VB Mobile Log In  |  Register          
Advertisement
Subscribe to VB Magazine

Disney to offer more ways to watch digital movies

DIGITAL: 'Keychest' on-demand solution moves storage to the digital cloud

By Jennifer Netherby -- Video Business, 10/21/2009

OCT. 21 | DIGITAL: In a bid to transition consumers from buying DVDs to buying digital movies, Walt Disney Studios Home Entertainment will reportedly unveil technology next month that could make digital movies as accessible to consumers in coming years as the DVD is today.

Dubbed Keychest, consumers would pay one price for permanent access to a movie or TV show across a wide variety of digital formats, be it iPhones, cable services, PCs, Blu-ray Disc players, connected TVs and other devices capable of playing back digital films, according to a report in the Wall Street Journal.

Disney’s initiative would apparently shift the digital business from one in which consumers buy digital movie downloads that can only be played back on a limited number of devices, to one in which consumers could access films they buy from a digital cloud for on-demand viewing on any number of devices.
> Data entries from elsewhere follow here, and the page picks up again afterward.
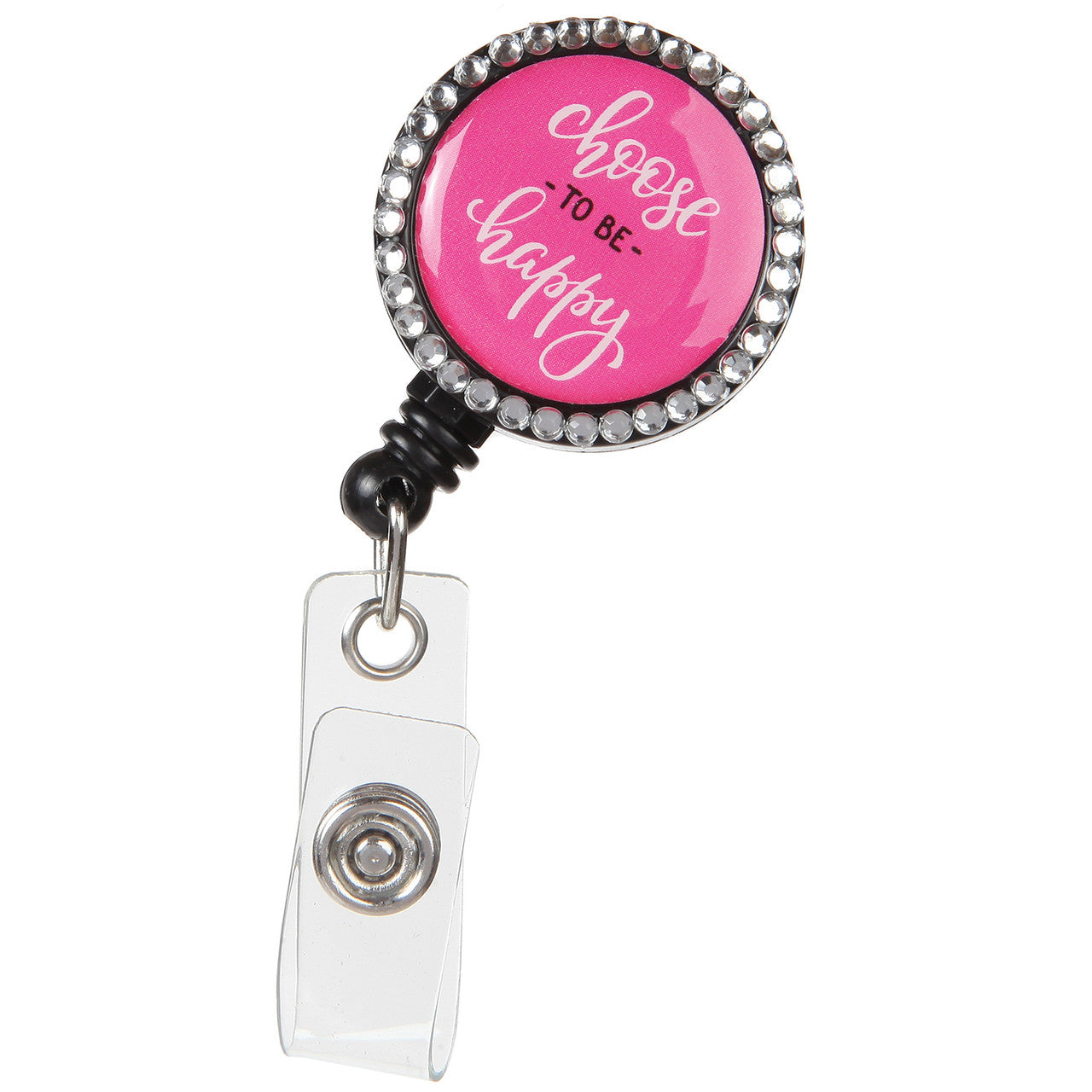 If you always think positive and choose to by happy, this badge reel is for you! The quote is featured on a pink background with white letters and is surrounded by tiny crystals to make sure it stands out. A retractable nylon cord rolls in and out of the reel, allowing you to easily swipe your ID when needed.
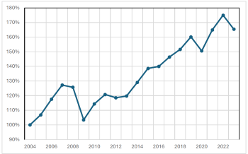 10.1. ábra. Az ipari termelés volumenindexe Magyarországon 2004 és 2023 között (%, 2004 = 100%)
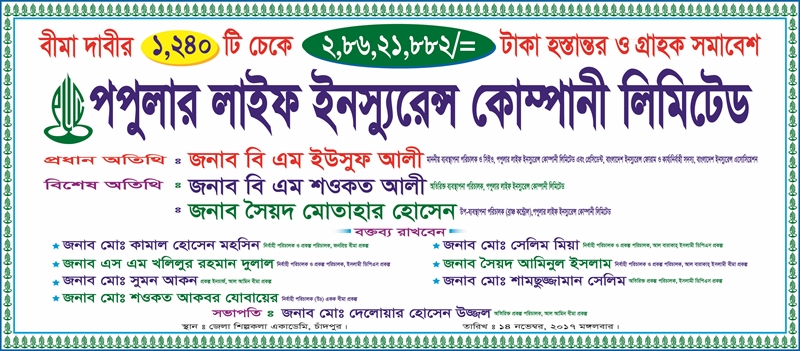 পুঁজিবাজারের তালিকাভুক্ত কোম্পানি পপুলার লাইফ ইন্স্যুরেন্স কোম্পানি চাঁদপুর ও কুমিল্লায় ২ হাজার ৯০৭ বীমা গ্রাহকের ৭ কোটি ৩১ লাখ ৬৩ হাজার ৩৫ টাকার দাবি পরিশোধ করেছে। গত ১৪ নভেম্বর চাঁদপুরে এবং ১৫ নভেম্বর কুমিল্লায় গ্রাহকদের কাছে চেক হস্তান্তর করা হয়েছে। একই দিনে গ্রাহক সমাবেশও করছে কোম্পানিটি।
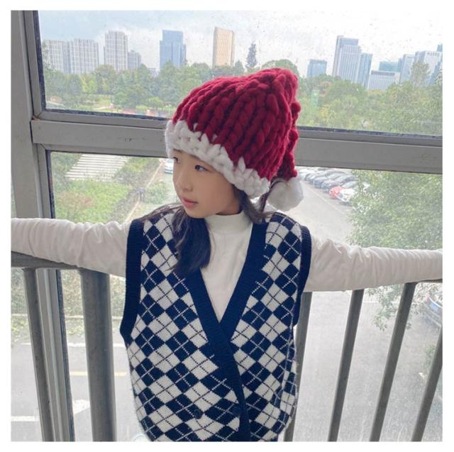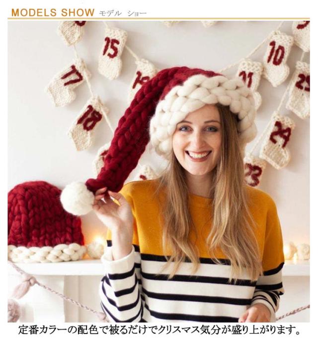 | とんがり帽子の先に丸いポンポンの付いたサンタクロースの定番帽子。 定番カラーの配色で被るだけでクリスマス気分が盛り上がります。 伸縮性があり、ぴったりフィットします。 ざっくり編みの暖かい帽子です。 | |
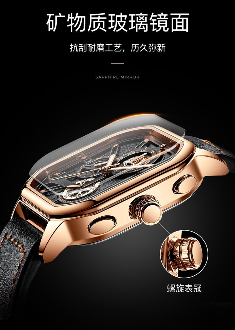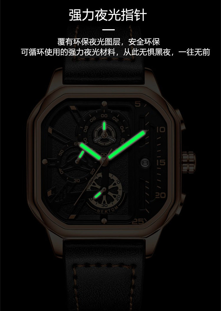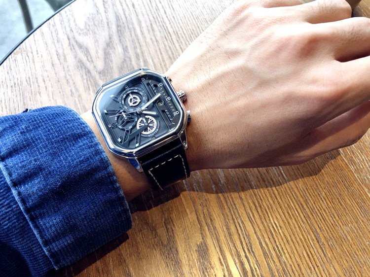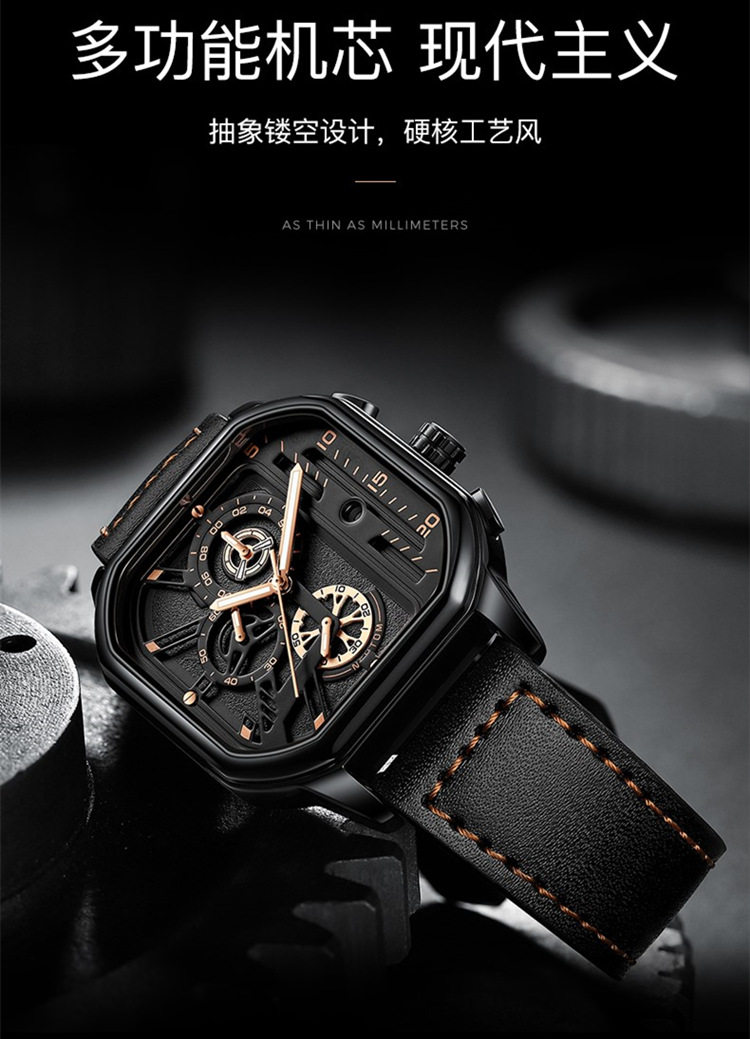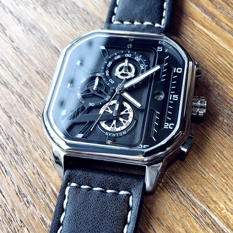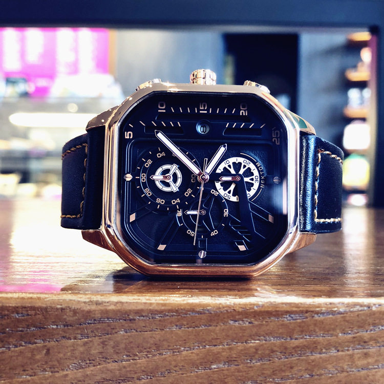 Квадратный трендовый универсальный браслет, водонепроницаемые мужские часы, ремень, из натуральной кожи, в корейском стиле

The move comes as DVD sales fall sharply, yet digital sales have yet to come close to compensating. Most expect digital sales to remain small until they are as easy for consumers to access and watch on devices as a DVD is today. Right now, when consumers download a movie from a movie service, they are limited in the devices they can playback that movie on. So far, digital movie rentals and ad-supported online content have been more popular with consumers.

NPD entertainment industry analyst Russ Crupnick, who hadn’t been briefed on Keychest, said it could solve the problem of how the industry gets consumers to pay for digital content, by making buying a film more appealing than turning to free online services such as Hulu.com. Disney is part-owner of Hulu.

Disney home entertainment president Bob Chapek told the Journal that the studio doesn’t expect Keychest to contribute measurable revenue to the studio in the next five years.

Disney’s Keychest initiative comes nearly a year after the industry banded together for the Digital Entertainment Content Ecosystem, an effort to develop a digital standard so that consumers can playback digital movies on virtually any digital device.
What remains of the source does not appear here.